Available data:
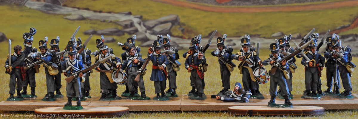 7th (Belgian) Line Battalion (Regiment) – this was the only regular line battalion (and one of only two regular battalions) in the brigade, and numbered around 700 men – in Lasalle terms it’s at the upper end of the standard sized unit (4-bases) but not quite large enough to warrant being classed as large (6-bases). I have done 2 Skirmisher Stands for this unit as it’s debatable whether it warrants 1 or 2 so I have erred on the safe side (i.e. whether it’s skirmishing ability was as good as the French & British battalions which get 2 skirmishers, or should be less so only 1). Like all my Quatre Bras Dutch-Belgian-Nassau-Brunswick forces these chaps are all Perry Miniatures and were commission painted by Dragon Painting Services in Hong Kong, and I originally had units of 16 figures for Shako II, but had to enlarge the units from 16 to 24 or 36 plus skirmisher & casualty markers.
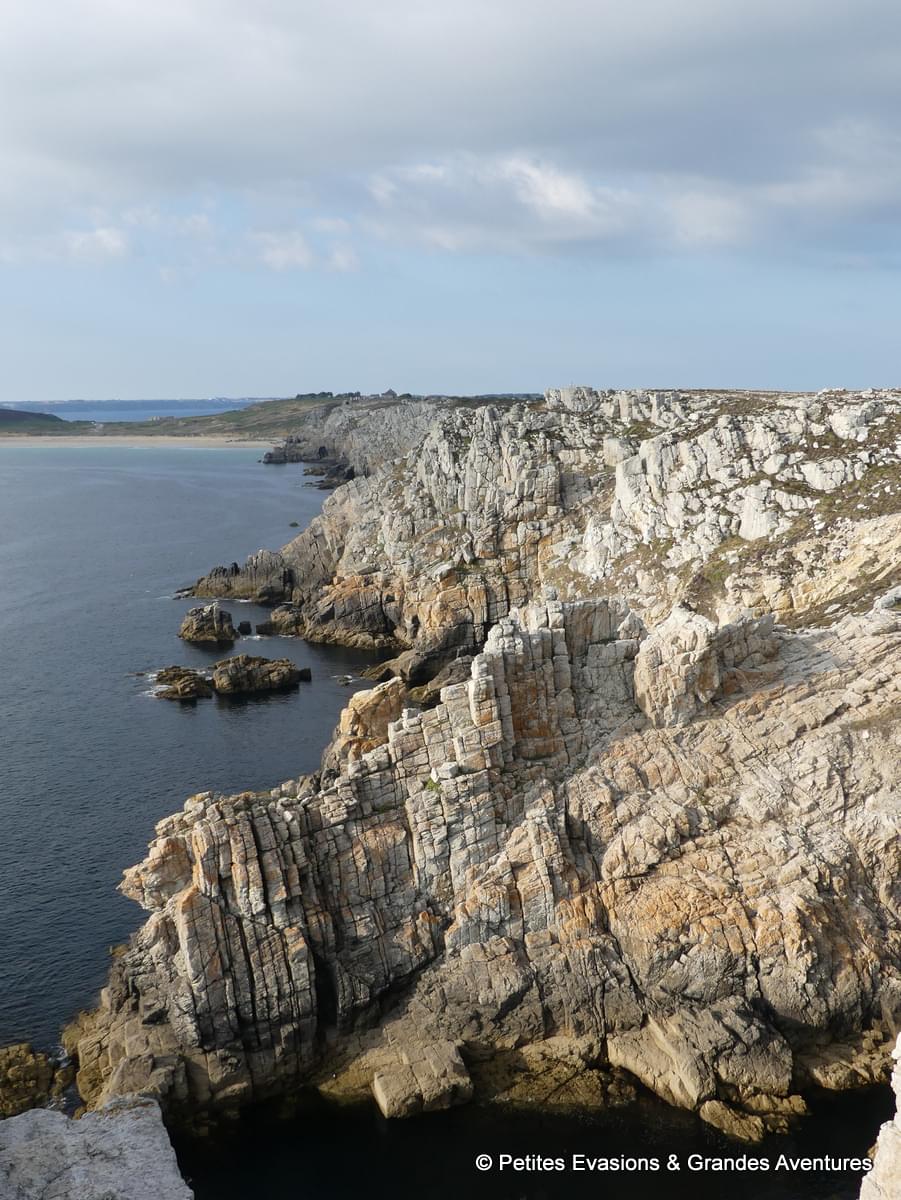 Situé au nord du Cap de la Chèvre, à l’ouest de Crozon, la Pointe de Dinan offre elle aussi un lieu de promenade et des panoramas remarquables. Une fois garés sur le parking, prenez la direction de l’ouest et profitez d’une vue impressionnante sur le sud de la presqu’île, en toile de fond, et la plage fossile de Porzh Koubou (aussi appelée « plage de fer »), au premier plan. Continuez vers l’ouest pour admirer la Pointe de Dinan et ses roches morcelées, travaillées et taillées par l’eau et les éléments. Puis, un peu plus loin vers le nord, vous pourrez contempler le Château de Dinan, forteresse naturelle toute en rochers reliée à la terre par une arche, creusée par la mer. Superbe non ?
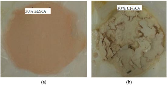 2, when glass flakes, in this case, as a filler, ensured the cohesion of larger pieces of the tested surface; therefore, the surface released from the base in cohesive pieces. It follows that the filler in the glass flakes has a positive influence on the chemical resistance against the tested organic acid.

Exercise objective:
Every line of the data is to be transcribed exactly, and no picture is to be included.

Result:
 7th (Belgian) Line Battalion (Regiment) – this was the only regular line battalion (and one of only two regular battalions) in the brigade, and numbered around 700 men – in Lasalle terms it’s at the upper end of the standard sized unit (4-bases) but not quite large enough to warrant being classed as large (6-bases). I have done 2 Skirmisher Stands for this unit as it’s debatable whether it warrants 1 or 2 so I have erred on the safe side (i.e. whether it’s skirmishing ability was as good as the French & British battalions which get 2 skirmishers, or should be less so only 1). Like all my Quatre Bras Dutch-Belgian-Nassau-Brunswick forces these chaps are all Perry Miniatures and were commission painted by Dragon Painting Services in Hong Kong, and I originally had units of 16 figures for Shako II, but had to enlarge the units from 16 to 24 or 36 plus skirmisher & casualty markers.
 Situé au nord du Cap de la Chèvre, à l’ouest de Crozon, la Pointe de Dinan offre elle aussi un lieu de promenade et des panoramas remarquables. Une fois garés sur le parking, prenez la direction de l’ouest et profitez d’une vue impressionnante sur le sud de la presqu’île, en toile de fond, et la plage fossile de Porzh Koubou (aussi appelée « plage de fer »), au premier plan. Continuez vers l’ouest pour admirer la Pointe de Dinan et ses roches morcelées, travaillées et taillées par l’eau et les éléments. Puis, un peu plus loin vers le nord, vous pourrez contempler le Château de Dinan, forteresse naturelle toute en rochers reliée à la terre par une arche, creusée par la mer. Superbe non ?
 2, when glass flakes, in this case, as a filler, ensured the cohesion of larger pieces of the tested surface; therefore, the surface released from the base in cohesive pieces. It follows that the filler in the glass flakes has a positive influence on the chemical resistance against the tested organic acid.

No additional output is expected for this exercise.